DiaMoE-TTS is a multi-dialect text-to-speech (TTS) framework jointly developed by Tsinghua University and Giant Network. The framework is based on a unified International Phonetic Alphabet (IPA) input system, combined with a dialect-aware Mixture-of-Experts (MoE) architecture and low-resource adaptation strategy (PEFT), enabling low-cost and low-barrier multi-dialect speech synthesis. It supports a wide range of dialects and minor languages, allowing rapid modeling with limited data while maintaining high efficiency and flexibility.

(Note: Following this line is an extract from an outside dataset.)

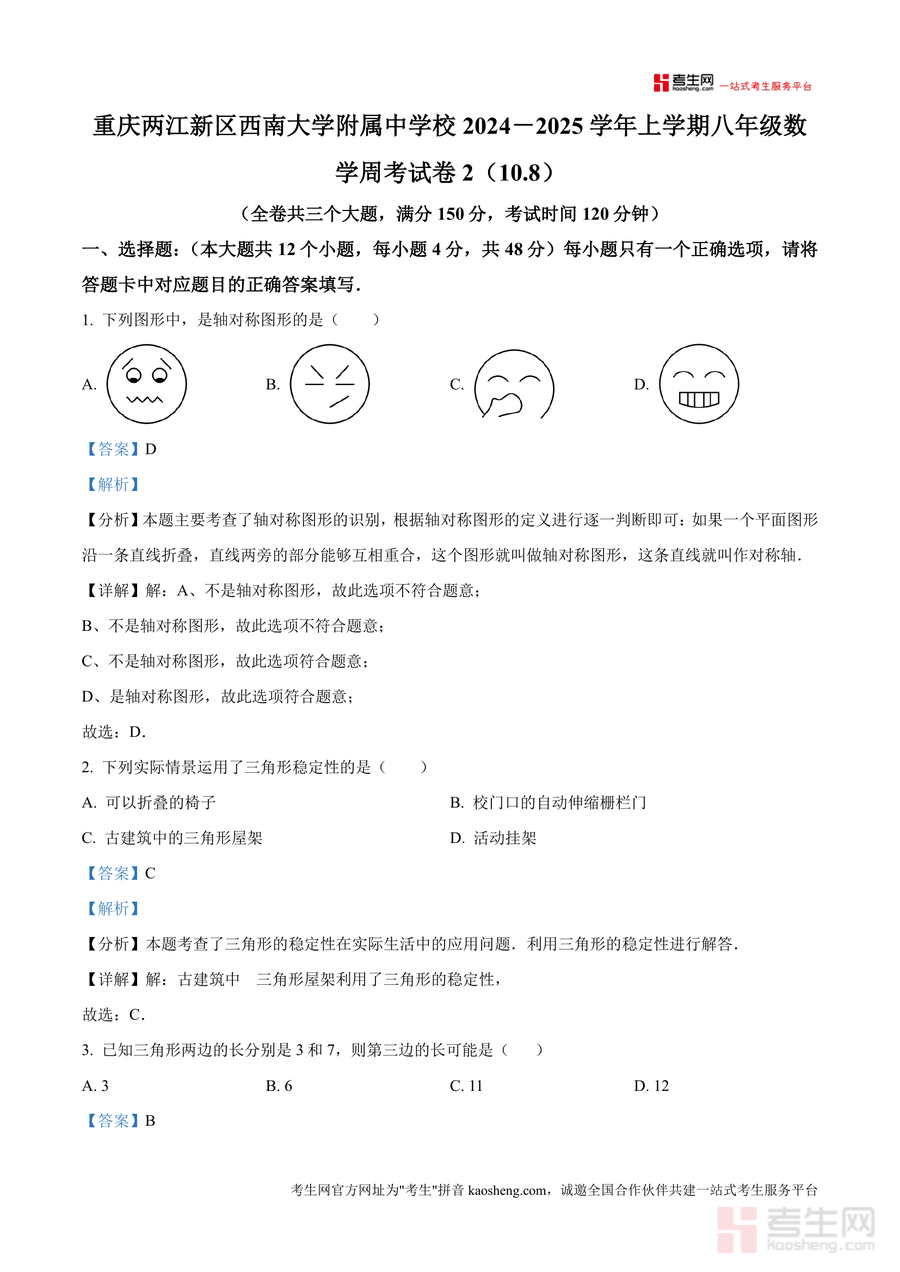 《精品解析:重庆两江新区西南大学附属中学校2024--2025学年上学期八年级数学周考试卷2(108)(解析版)docx》是一份针对该校八年级上学期数学周考的精准化真题解析类备考资料。文件包含完整试卷原题(全卷三大题共150分,涵盖选择题、填空题及解答题三大题型)与逐题详细解析,内容覆盖轴对称图形识别、三角形稳定性应用、全等三角形判定、因式分解等八年级上册核心知识点。其特色亮点在于解析部分不仅给出标准答案及步骤,还附加考点分析与解题思路拓展——如选择题中对轴对称图形定义的深度解读、几何题中折叠性质与平行线结合技巧总结——帮助学生从本质上掌握知识点,而非机械记忆答案。

DiaMoE-TTS is fully open-sourced, including data, code, and methods, promoting dialect preservation and cultural heritage, giving niche languages a voice in the digital world.

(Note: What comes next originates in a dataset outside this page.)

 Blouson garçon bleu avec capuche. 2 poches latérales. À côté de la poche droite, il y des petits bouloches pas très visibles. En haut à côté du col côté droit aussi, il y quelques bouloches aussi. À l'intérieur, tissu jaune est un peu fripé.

Main Features of DiaMoE-TTS
-
Multi-Dialect Speech Synthesis: Supports various dialects and minor languages, including Cantonese, Minnan, Wu, and can be extended to special forms such as Peking opera rhymes, enabling niche languages to be spoken naturally.
-
Low-Resource Adaptation: Using PEFT strategies and data augmentation, the framework can quickly adapt to new dialects with only a few hours of speech data, synthesizing natural and fluent speech.
-
High Scalability: Fully open-source pipeline with complete data preprocessing, training, and inference code, supporting multiple languages and facilitating reproducibility and extension by researchers and developers.
-
High Naturalness: The dialect-aware MoE architecture dynamically selects expert networks, preserving the unique timbre and prosody of each dialect to improve speech naturalness.
Technical Principles
-
Unified IPA Frontend: Uses the IPA as a standardized input system, mapping all dialects into the same phoneme space. This eliminates cross-dialect discrepancies, ensuring consistent training and strong generalization.
-
Dialect-Aware MoE Architecture: Multiple expert networks are introduced, each focusing on one or several dialects, avoiding “style averaging” by a single network. The IPA input automatically selects the most suitable expert network, and an auxiliary dialect classification loss enhances expert differentiation.
-
Low-Resource Adaptation (PEFT): Incorporates Conditioning Adapter and LoRA in the text embedding and attention layers, allowing dialect expansion with minimal parameter tuning while keeping the backbone and MoE modules frozen. Pitch and speed perturbations further improve synthesis under low-resource conditions.
-
Multi-Stage Training: Builds on the original F5-TTS checkpoint and pre-trains with IPA phoneme-converted data for smooth input transition. Jointly models multiple open-source dialect datasets to activate the MoE structure, learning shared features while distinguishing dialect-specific pronunciation patterns. Dynamic gating and auxiliary dialect classification loss optimize expert routing and capture unique dialect characteristics. For new dialects with only a few hours of data, PEFT combined with data augmentation enables efficient transfer learning while preserving existing knowledge.
Project Resources
-
GitHub Repository: https://github.com/GiantAILab/DiaMoE-TTS
-
HuggingFace Model Hub: https://huggingface.co/RICHARD12369/DiaMoE_TTS
-
arXiv Paper: https://www.arxiv.org/pdf/2509.22727
Application Scenarios
-
Education: Provides vivid speech synthesis tools for teaching dialects and minor languages, helping students better learn and master pronunciations.
-
Cultural Preservation: Assists in preserving and passing on dialects and minor languages, recording and recreating endangered dialects to maintain cultural diversity.
-
Virtual Humans and Digital Content: Generates diverse dialect speech for virtual humans and digital assistants, enriching character expressiveness and enhancing user experience.
-
Digital Tourism: Offers multilingual dialect audio guides at tourist sites, strengthening visitors’ cultural recognition and sense of connection.
-
Cross-Border Communication: Supports speech synthesis in multiple languages and dialects, facilitating communication and understanding among people from different linguistic backgrounds.